• **Work required**
Find the line containing "Gesicht und Hals modellieren" in the material below, then please transcribe it and each line after it exactly, without the pictures.

• **Exercise material**
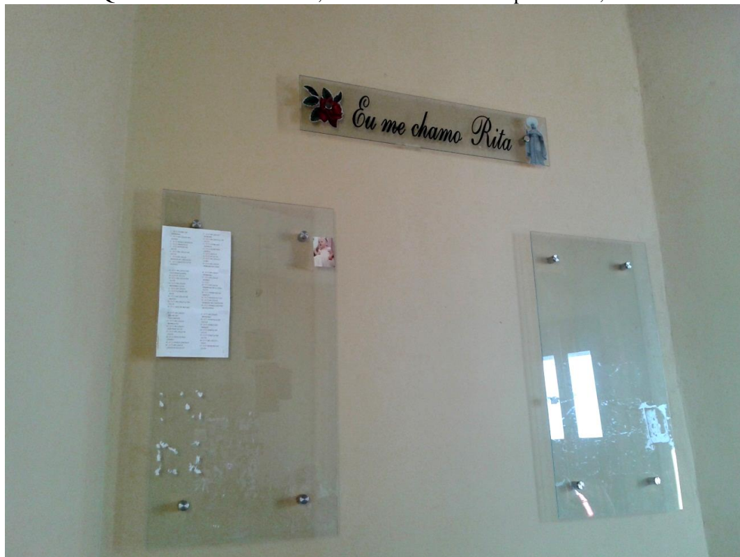
Apêndice A.1 – Quadro Eu me chamo Rita , localizado na Sala das promessas, no Alto de Santa Rita
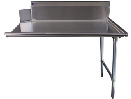
Table à vaisselle, propre – à droite
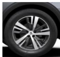
18" 'Detroit' Storm Grey
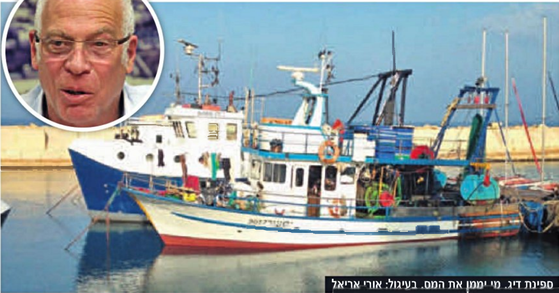
ספינת דיג. מי יממן את המס. בעיגול: אורי אריאל

שר החקלאות מיהר לקחת קרדיט על ההסכם למניעת דיג בספינות מכמורת - אך משרדו מסרב להשתתף במימון ומעכב את הוצאתו לפועל
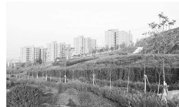
来集镇浮山雅居社区

(四)全面实行网格化管理。加快网格化管理体系建设,充分发挥18个一级网格、350个二级网格、3241个三级网格作用,使下沉的1012名群众工作队员、1331名乡镇办工作人员、5122名市直执法部门业务人员明晰职责任务、促进条块融合、发现解决问题,当前首先排查解决非法生产、非法经营、非法建设等领域的突出问题。进一步规范“坚持依靠群众、推进工作落实”长效机制,为促进“三化”协调科学发展,把新密建设成为“干净整洁、结构优良、富足文明、风清气正”的现代化宜居宜业城市提供坚强有力保障。
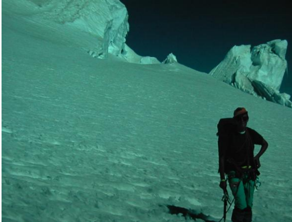
Baixada per la gelera de Bossons
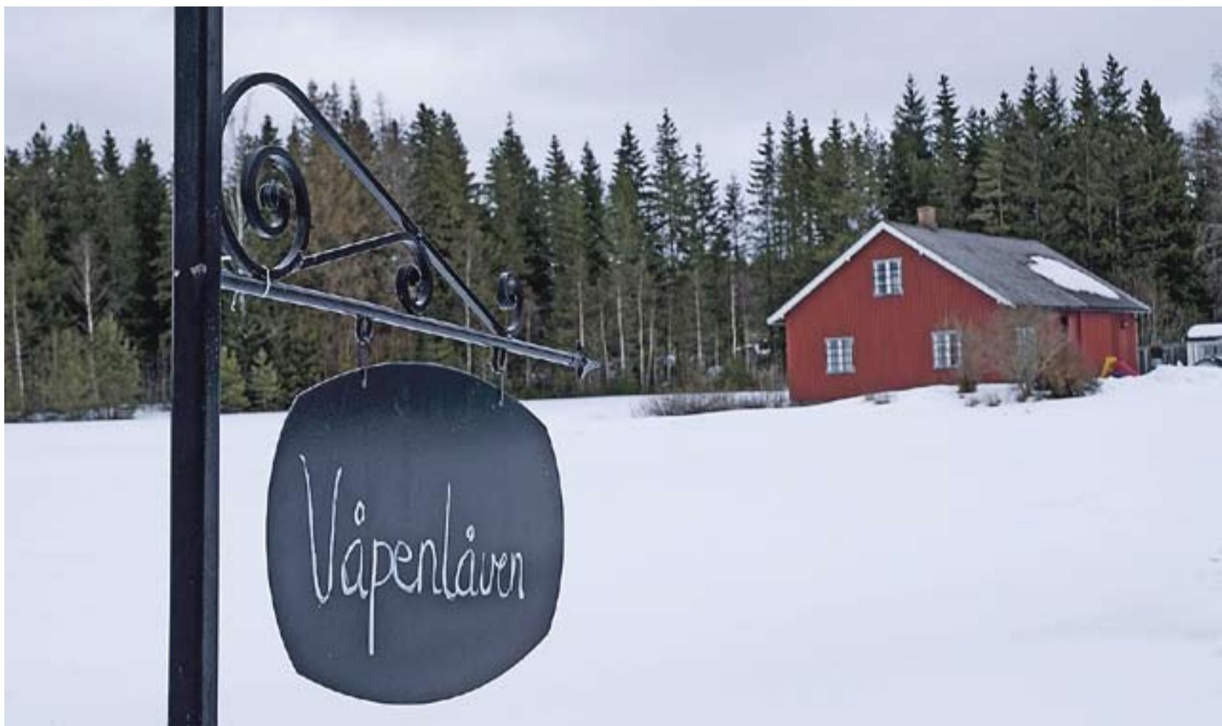
I låven på Løverød i Aremark får en alt fra hagler, kuler og krutt til nye støvler.
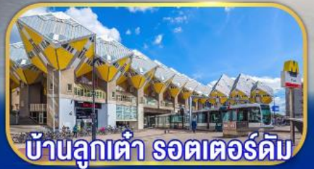
บ้านลูกเต่า รอตเตอร์ดัม

เยือนเมืองเก่าแก่ยุโรป ทั่วมหาสมุทรแอตแลนติก กับการบินไทย บินตรงอัมสเตอร์ดัม
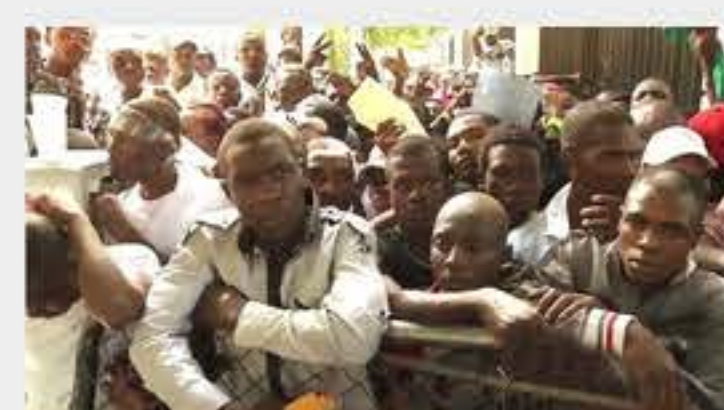
Alcalde de NY Bill de Blasio: 'Deportación de haitianos de Dominicana es inmoral y racista'
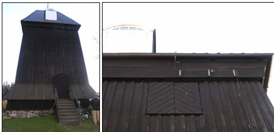
Figur 17. Bergs kyrkas klockstapel efter åtgärder.
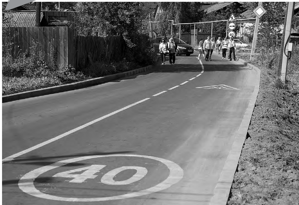
Улица Калинина после ремонта.

Дорога на улице Калинина в Дзержинском районе Нижнего Тагила отремонтирована. Качество выполненных работ проинспектировала комиссия по приемке. Ее участники и журналист "ТР" прошли с инспекцией весь участок нового дорожного полотна.
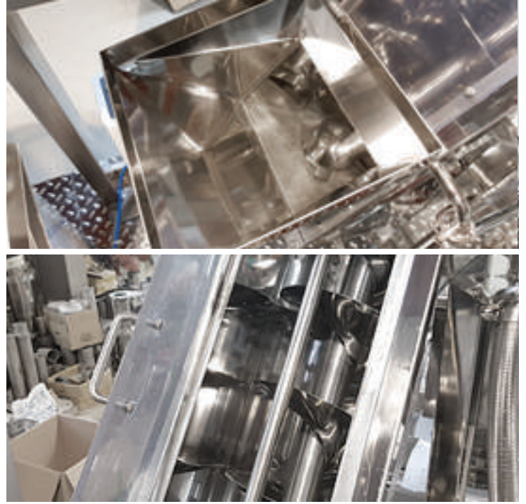
원물투입구, 물이나 원물 튼 방지를 위한 덮개와 내부 스크루
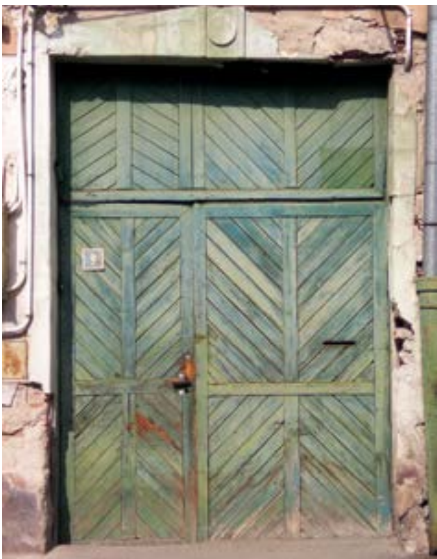
A provinciális barokkot idéző 19. századi kaputípus

Várad legrégebbi kapui, elsősorban a 19. század elejéről maradtak ránk, nem olyan régiek tehát, mint a legtöbb erdélyi városban megmaradt műemléki védettséget érdemlő kapuelemek. A kaputípus viszont őrzi a 18. századi hagyományt: a párhuzamosan, keresztben, vagy sugarasan elhelyezett lécekből ácsolt felület fő díszítőeleme éppen ez, a lécek által létrehozott geometrikus minta. Egykor ilyen kapuk díszítették a Kapucinus
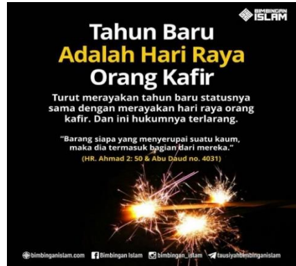
Gambar VIII: Tahun baru adalah hari raya orang kafir, turut merayakan tahun baru statusnya sama dengan merayakan hari raya orang kafir dan ini hukumnya terlarang (Facebook; Bimbingan Islam).

Empat gambar di atas secara umum membicarakan larangan tashabbuh dalam konteks perayaan tahun baru. Dari empat gambar tersebut, masing-masing memuat narasi dan ilustrasi yang berbeda-beda. Pada gambar (V) menunjukkan keterangan yang termuat dalam
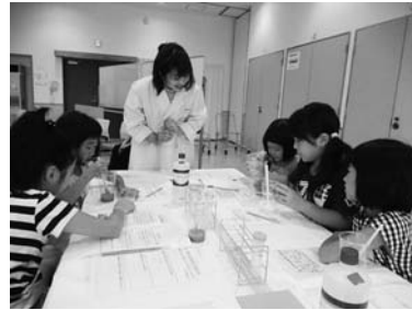
8/22 科学実験 (まちづくりセンター)

大人気の「やってみよう科学実験」は、今年も新潟薬科大学災害ボランティア部の皆さんから講師をしていただきました。「指紋の検出」「ビタミンCが多い飲み物は？」「スライム作り」どれも興味津々の内容に子どもたちは驚きと想像力を掻き立てていました。
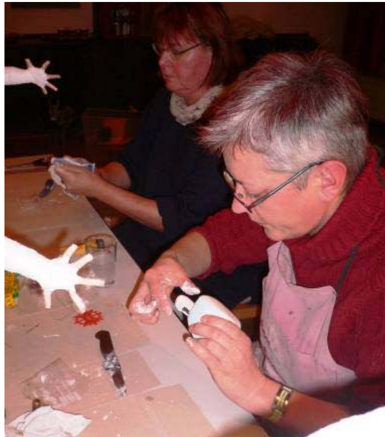
Gesicht und Hals modellieren
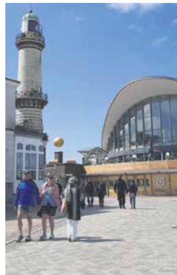
Der Leuchtturm ist das Wahrzeichen von Warnemünde.

Eine rundum gelungene Tagesfahrt, die vom Unternehmen „Reichert Bus & Touristik“ professionell vorbereitet und durchgeführt wurde.
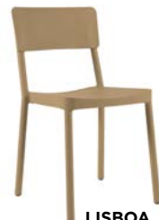
LISBOA L 48, P 52, HA 46, H 82 cm
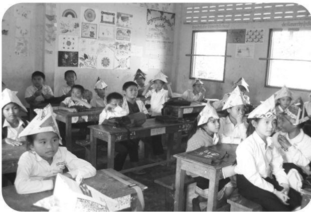
ナカン村小学校教室内で
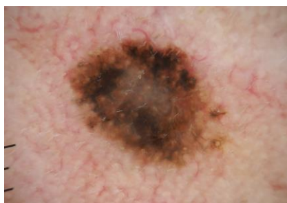
Slika 5.1. Dermatoskopski prikaz melanoma
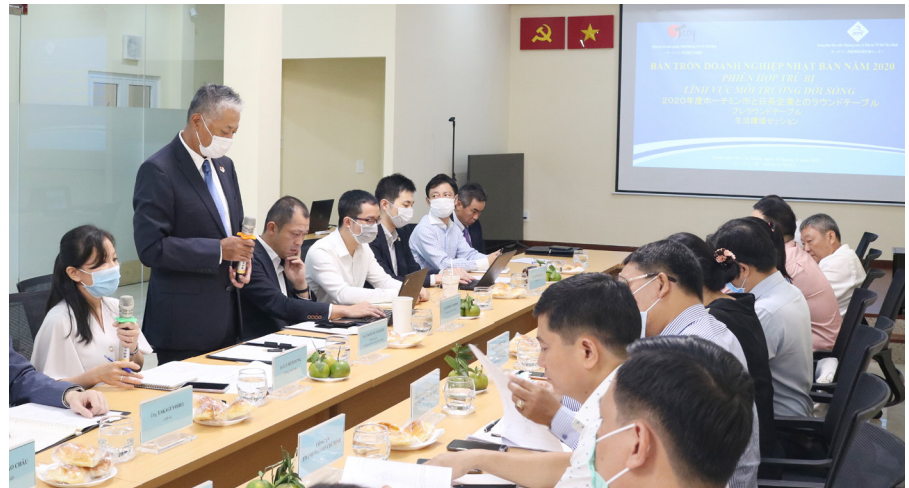
Một hoạt động cụ thể "hỗ trợ doanh nghiệp vượt khó" do ITPC phối hợp với Hiệp hội Doanh nghiệp Nhật Bản (JCCH) tổ chức Phiên trưng bày bán tròn Nhật Bản về lĩnh vực môi trường- đời sống. Đây là hoạt động hướng tới "Kỷ niệm 20 năm Hội nghị bán tròn doanh nghiệp Nhật Bản tại Thành phố Hồ Chí Minh" tổ chức vào ngày 14 tháng 12 năm 2021.

Một là , tiếp tục thực hiện nghiêm các biện pháp phòng, chống dịch bệnh theo chỉ đạo của Ban chỉ đạo Quốc gia phòng chống dịch bệnh. Không chủ quan, lơ là; cách ly có chọn lọc, linh hoạt, thích ứng với trạng thái bình thường mới; nâng cao năng lực xét nghiệm tại các cửa khẩu sân bay, bến cảng cùng với năng lực điều trị bệnh Covid-19, năng lực tiêm chủng tại các cơ sở y tế nhà nước và tư nhân.

• **Exercise response**
Gesicht und Hals modellieren
Der Leuchtturm ist das Wahrzeichen von Warnemünde.

Eine rundum gelungene Tagesfahrt, die vom Unternehmen „Reichert Bus & Touristik“ professionell vorbereitet und durchgeführt wurde.
LISBOA L 48, P 52, HA 46, H 82 cm
ナカン村小学校教室内で
Slika 5.1. Dermatoskopski prikaz melanoma
Một hoạt động cụ thể "hỗ trợ doanh nghiệp vượt khó" do ITPC phối hợp với Hiệp hội Doanh nghiệp Nhật Bản (JCCH) tổ chức Phiên trưng bày bán tròn Nhật Bản về lĩnh vực môi trường- đời sống. Đây là hoạt động hướng tới "Kỷ niệm 20 năm Hội nghị bán tròn doanh nghiệp Nhật Bản tại Thành phố Hồ Chí Minh" tổ chức vào ngày 14 tháng 12 năm 2021.

Một là , tiếp tục thực hiện nghiêm các biện pháp phòng, chống dịch bệnh theo chỉ đạo của Ban chỉ đạo Quốc gia phòng chống dịch bệnh. Không chủ quan, lơ là; cách ly có chọn lọc, linh hoạt, thích ứng với trạng thái bình thường mới; nâng cao năng lực xét nghiệm tại các cửa khẩu sân bay, bến cảng cùng với năng lực điều trị bệnh Covid-19, năng lực tiêm chủng tại các cơ sở y tế nhà nước và tư nhân.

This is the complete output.